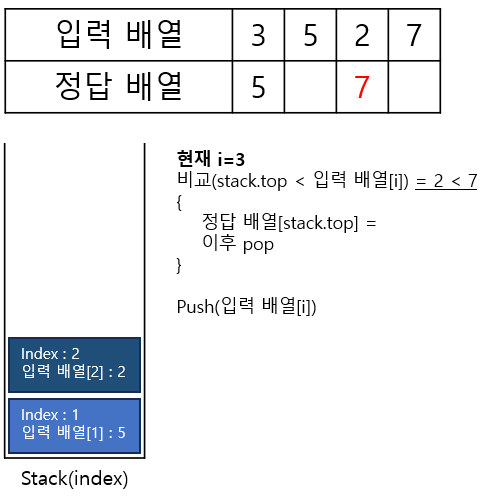 이제 i가 3이 되면서 보니, 2의 오큰수가 7인 것을 발견했습니다.
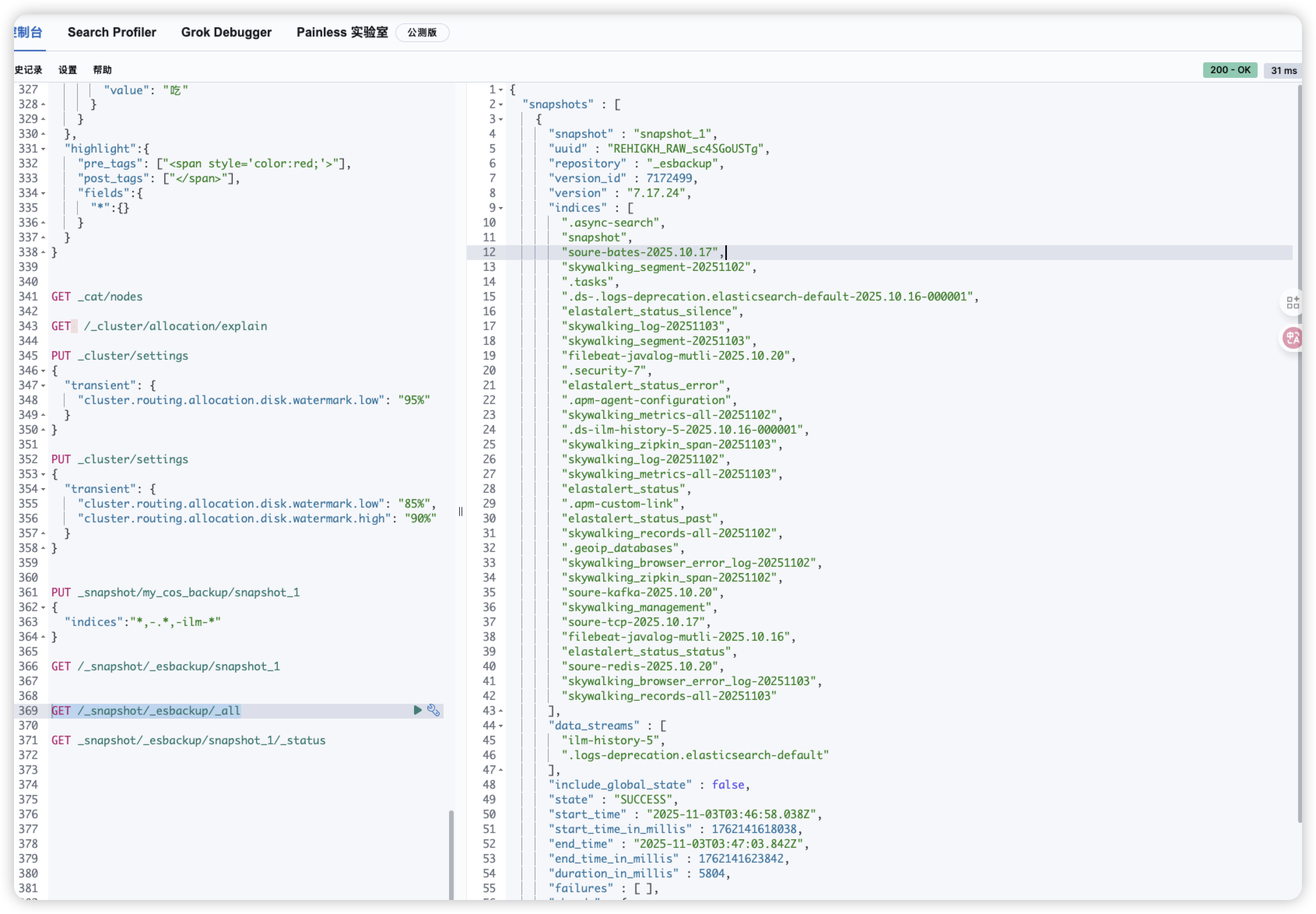 root@ubuntu2204test99:~/elkf# curl -XGET 'http://192.168.1.99:9201/_snapshot/_esbackup/snapshot_1/_status' -H 'Content-Type:application/json' -u 'elastic:123456'
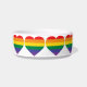 Diese fütternd Schüssel weist ein sich wiederholendes Muster von Regenbogenherzen auf. Zeigen Sie Ihre wahren Farben, unterstützen Sie die Gleichheit der Ehen und feiern Sie Gay Pride.

## TASK GOAL
With images left out, the data must be transcribed exactly.

## ANSWER BOX
 이제 i가 3이 되면서 보니, 2의 오큰수가 7인 것을 발견했습니다.
 root@ubuntu2204test99:~/elkf# curl -XGET 'http://192.168.1.99:9201/_snapshot/_esbackup/snapshot_1/_status' -H 'Content-Type:application/json' -u 'elastic:123456'
 Diese fütternd Schüssel weist ein sich wiederholendes Muster von Regenbogenherzen auf. Zeigen Sie Ihre wahren Farben, unterstützen Sie die Gleichheit der Ehen und feiern Sie Gay Pride.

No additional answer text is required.